Pictures stay out of the copy. Retype exactly, and only, the lines from the one containing "Laura Ingraham Urges" through the end of the listing below.

* [PROVIDED MATERIAL]
▼▼▼
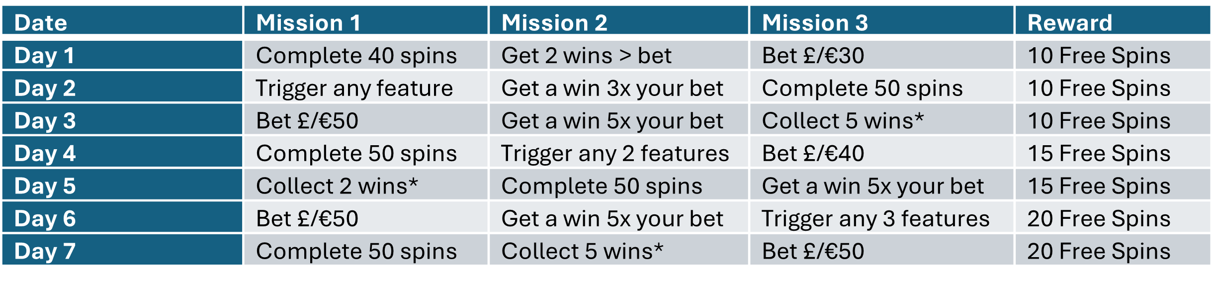 How it works: Players can earn up to 100 Free Spins by completing Missions! Missions can only be completed once and in any order.
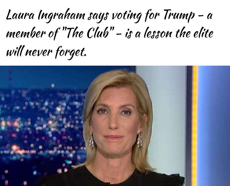 Laura Ingraham Urges Trump Voters To ‘Teach The Elites And Their Lackeys A Message’ By Re-electing A Lackey For The Elites
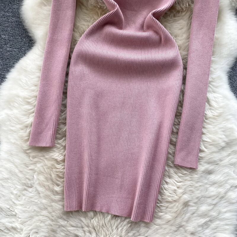 中空アウト女性ニットドレス長袖 O ネック弾性スリムペンシルミニドレスビーズセクシーなボディコンセータードレス ロング エラスティック 伸縮 Oネック Abe84598070324
▲▲▲
* [EXERCISE RESULT]
 Laura Ingraham Urges Trump Voters To ‘Teach The Elites And Their Lackeys A Message’ By Re-electing A Lackey For The Elites
 中空アウト女性ニットドレス長袖 O ネック弾性スリムペンシルミニドレスビーズセクシーなボディコンセータードレス ロング エラスティック 伸縮 Oネック Abe84598070324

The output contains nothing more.